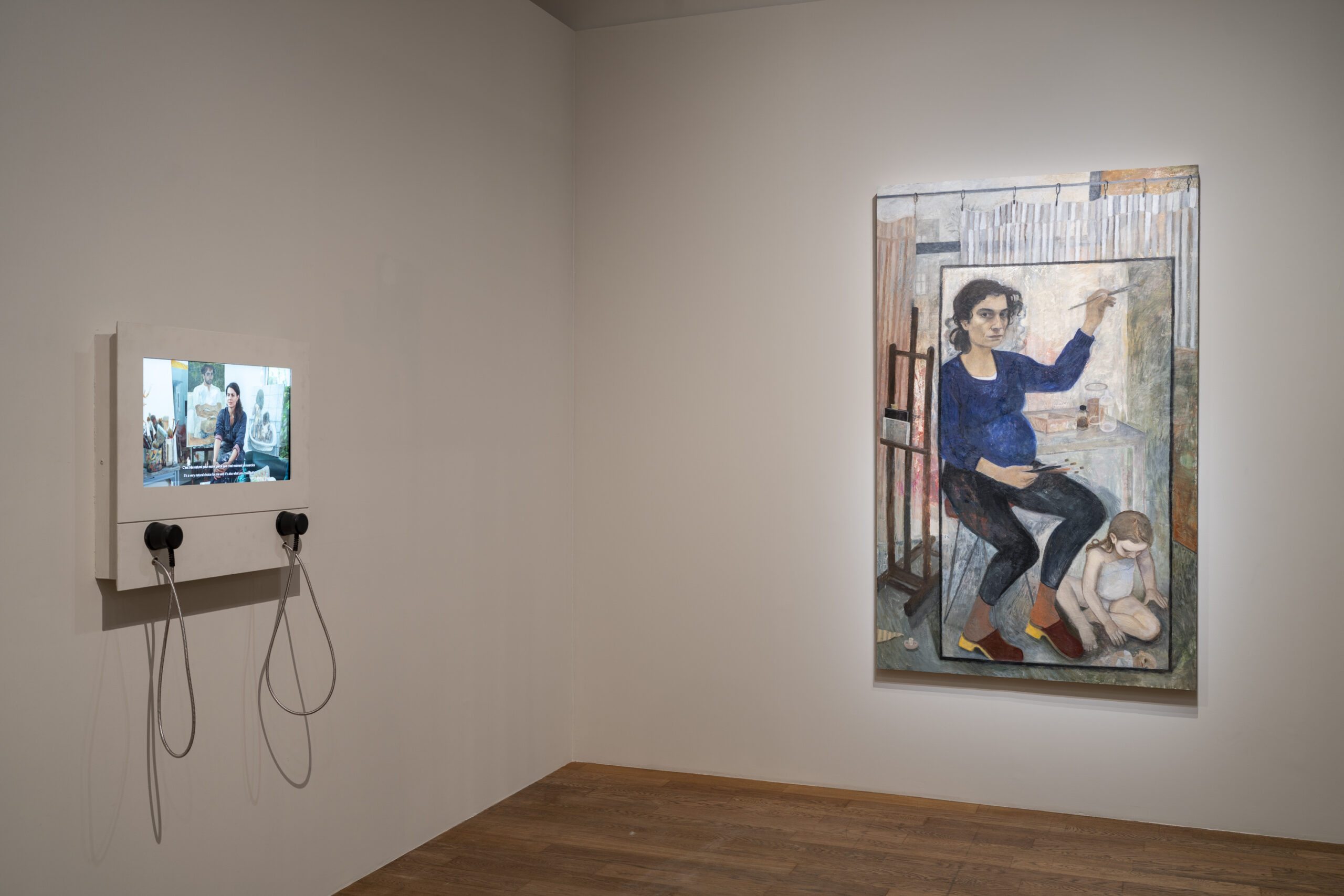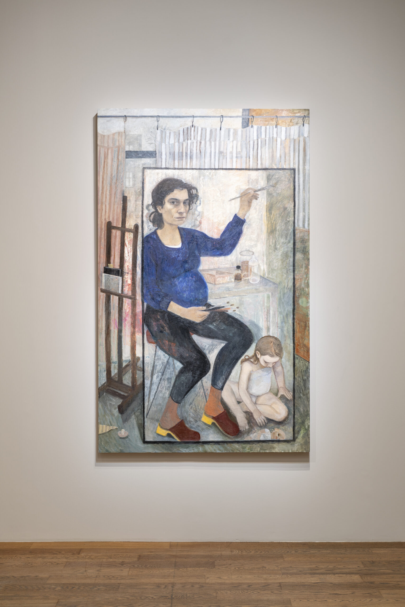 Image : Nathanaëlle Herbelin, Manifestation pour une 2ème grossesse, 2025-2026, huile sur bois, 200 x 123 cm
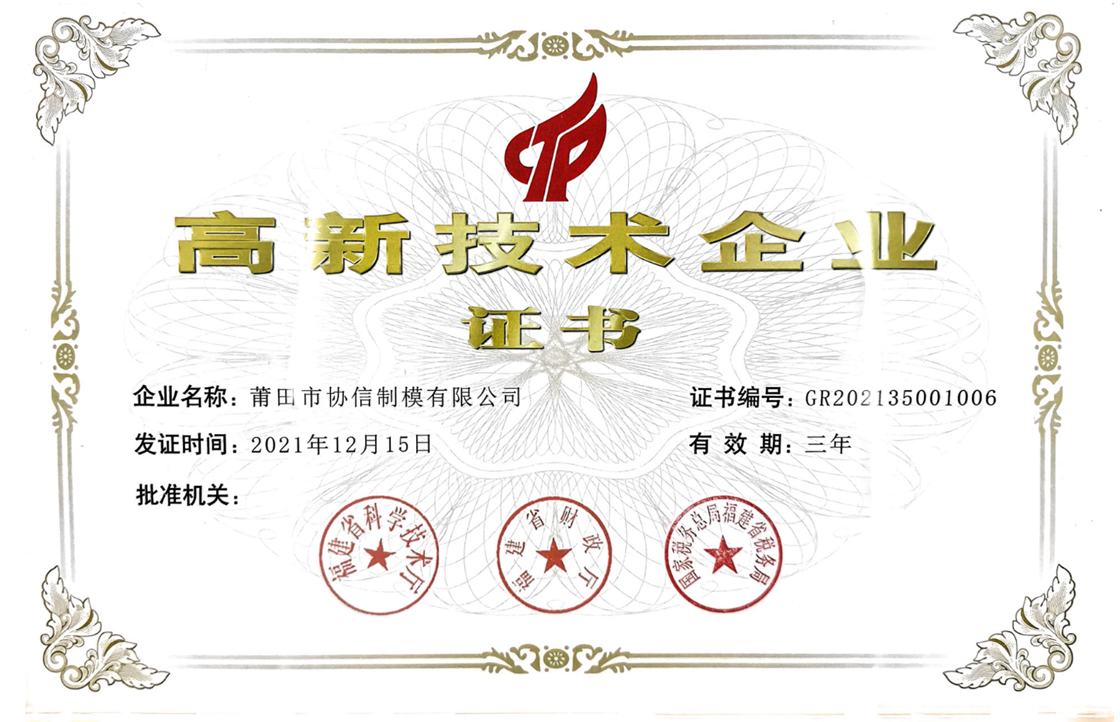 The company has a good reputation. Since 2014, and has been awarded the title of "large taxpayer" for many consecutive years. With strong management and technical force, the company has won the titles of "Fujian science and technology giant enterprise", "science and technology small and medium-sized enterprise" and "municipal enterprise technology center". In 2021, it was recognized as a "national high-tech enterprise" and passed the gb/t29490-2013 intellectual property management system certification.
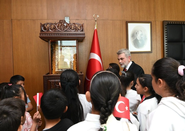 23 Nisan Ulusal Egemenlik ve Çocuk Bayramı dolayısıyla Kahramanmaraş Büyükşehir Belediye Başkanlığı’nda anlamlı bir devir teslim töreni gerçekleştirildi. Büyükşehir Belediye Başkanı Fırat Görgel, makam koltuğunu Çakmakçı Sait Ortaokulu 5. sınıf öğrencisi Mina Nur Dağ’a devretti. Temsili devir teslim töreninde Mina Nur Dağ’a okul müdürü Ramazan Sevilir ve Türkçe Öğretmeni Ayşe Kır da eşlik etti. Büyük bir heyecan ve mutluluk yaşayan Mina Nur Dağ, devir teslim sonrası görevine hızlı bir başlangıç yaptı. Minik başkan Mina Nur, Büyükşehir Belediyesi Fen İşleri Dairesi Başkanı Murat Oğuz Alkış’i telefonla arayarak, şehir genelindeki okullarda spor alanlarının artırılması yönünde talimat verdi.

→ Exercise aim
Transcribe exactly, with no pictures, the lines running from the first line of the material through the line holding "The company has a".

→ Solution for this problem
 Image : Nathanaëlle Herbelin, Manifestation pour une 2ème grossesse, 2025-2026, huile sur bois, 200 x 123 cm
 The company has a good reputation. Since 2014, and has been awarded the title of "large taxpayer" for many consecutive years. With strong management and technical force, the company has won the titles of "Fujian science and technology giant enterprise", "science and technology small and medium-sized enterprise" and "municipal enterprise technology center". In 2021, it was recognized as a "national high-tech enterprise" and passed the gb/t29490-2013 intellectual property management system certification.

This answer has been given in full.